Abgesehen von einschlägigen Websites, bei denen ihr einen Phantasieausweis bzw. ein gefälschtes Dokument kaufen könnt, gibt es natürlich auch viele Optionen, sich sowas auch selbst herzustellen:

  • Photoshop: Perso einscannen, Geburtsdatum mit Photoshop ändern, hochauflösend ausdrucken und laminieren. Mit dem richtigen Equipment schnell gemacht, aber: eine Straftat. Ihr begeht damit eine Urkundenfälschung und da versteht das deutsche Gesetz keinen Spaß, sondern droht mit Haftstrafen bis zu fünf Jahren. Diese Aktion lohnt sich also definitiv nicht für die Disco oder einen Horrorfilm im Kino.
  • Den Ausweis von jemand anderem leihen, dessen Aussehen einigermaßen passt und dessen Alter die doofen Barrieren zu überwinden hilft: Auch keine gute Idee. Das ist keine Urkundenfälschung, sondern Missbrauch von Ausweispapieren und das ist auch eine Straftat. Die Strafe fällt geringer aus, maximal ein Jahr hinter Gittern bzw. eine Geldstrafe. Allerdings macht sich auch die ausleihende Person strafbar. Daher ist auch dieses Vorgehen nicht die wahre Lösung.
  • Studierendenausweis oder Schülerausweis fälschen: Viele denken, dass die Fälschung beispielsweise eines internationalen Studi-Ausweises oder eines Schülerausweises nicht so schlimm ist. Dem ist nicht so, denn auch diese Ausweise sind Urkunden, werden oftmals auch als offizielles Dokument akzeptiert und es handelt sich daher um eine Urkundenfälschung. Strafmaß siehe oben – keine vernünftige Alternative.

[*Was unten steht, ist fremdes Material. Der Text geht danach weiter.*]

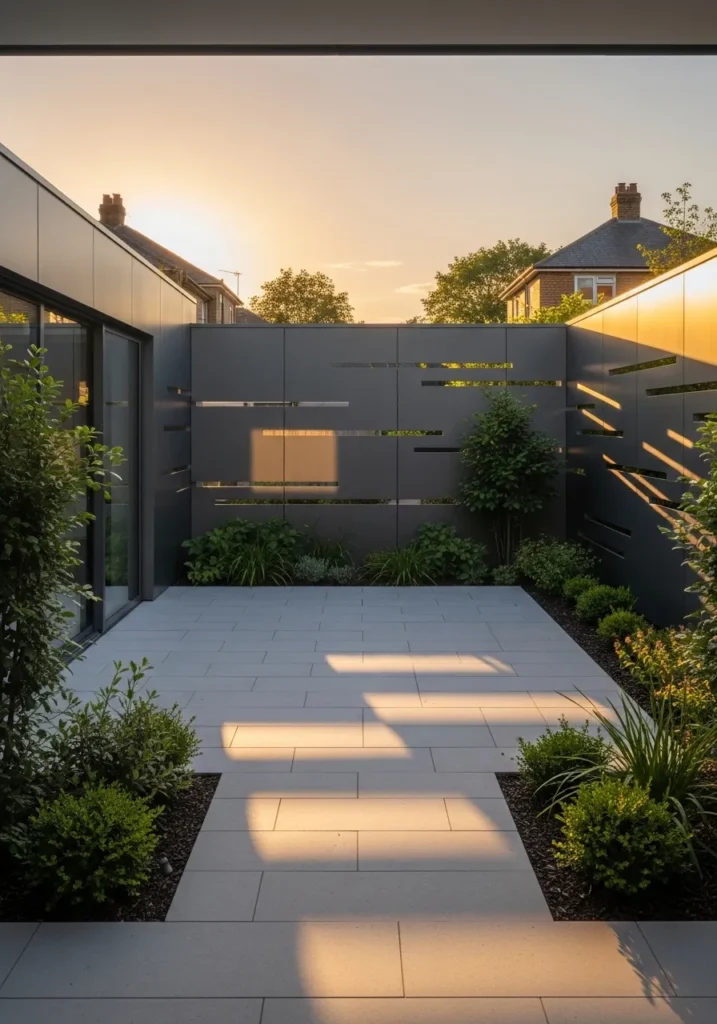 This outdoor courtyard is framed by a tall charcoal gray slatted privacy wall that feels sharp and architectural. The horizontal lines stretch cleanly across the space and instantly give it a modern edge. Large rectangular pavers in a soft beige tone keep the ground simple and elegant, while low greenery planted along the perimeter softens the bold structure. Subtle built in lighting at the base of the wall casts a warm glow across the tiles, creating a calm and intimate atmosphere as the sun sets.
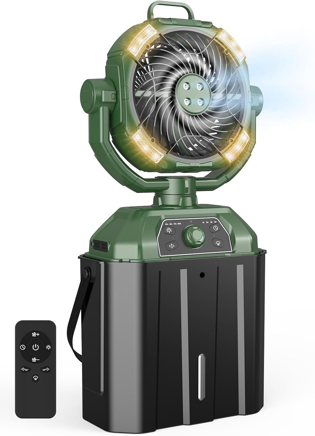 This portable misting fan is a game-changer for outdoor activities! The 6L water tank provides a steady stream of cooling mist that keeps me refreshed on scorching days. The 20,000mAh rechargeable battery is incredibly long-lasting, ensuring you stay powered up through extended camping trips. The built-in LED lantern offers just the right amount of light for nighttime use, brightening up your tent without being too harsh. Plus, the remote control lets you adjust the fan speed and mist settings effortlessly, and the fan oscillates automatically for even coverage. Perfect for any outdoor adventure!

Welche Masche funktioniert eventuell und ist strafrechtlich nicht relevant?

Ihr könnt euren Personalausweis einscannen, euer Geburtsdatum mit einem Bildbearbeitungsprogramm anpassen und Schwarz-Weiß ausdrucken. Damit habt ihr eine Kopie des Ausweises gemacht. Eine Urkunde würde es werden, wenn das Dokument auf der Vorder- oder Rückseite beglaubigt wäre. Ihr könnt diesen Wisch an der Tür vorzeigen und behaupten, ihr nehmt immer nur die Kopie mit, weil ihr euer Portemonnaie so häufig verliert. Je nach Türsteher kommt ihr damit durch oder eben auch nicht. Aber Vorsicht: Keine Farbkopie anfertigen, das könnte wieder als Urkundenfälschung ausgelegt werden.

Ihr könnt also problemlos einen gefälschten Ausweis bestellen oder anfertigen und natürlich auch besitzen – aber nur für den privaten Gebrauch. Also als Partygag, Geschenk, für einen Filmdreh usw. Die Nutzung in jeglichem Rechtsverkehr ist verboten und kann teilweise hohe Strafen und entsprechende Vorstrafen nach sich ziehen.

Das gilt übrigens auch für Menschen, die sich gar nicht älter, sondern jünger machen wollen – vielleicht um die Angebetete nicht zu schocken oder eine Ermäßigung an der Theaterkasse abzugreifen – das Strafmaß kennt keine Unterscheidung bezüglich der verschiedenen Motivationen!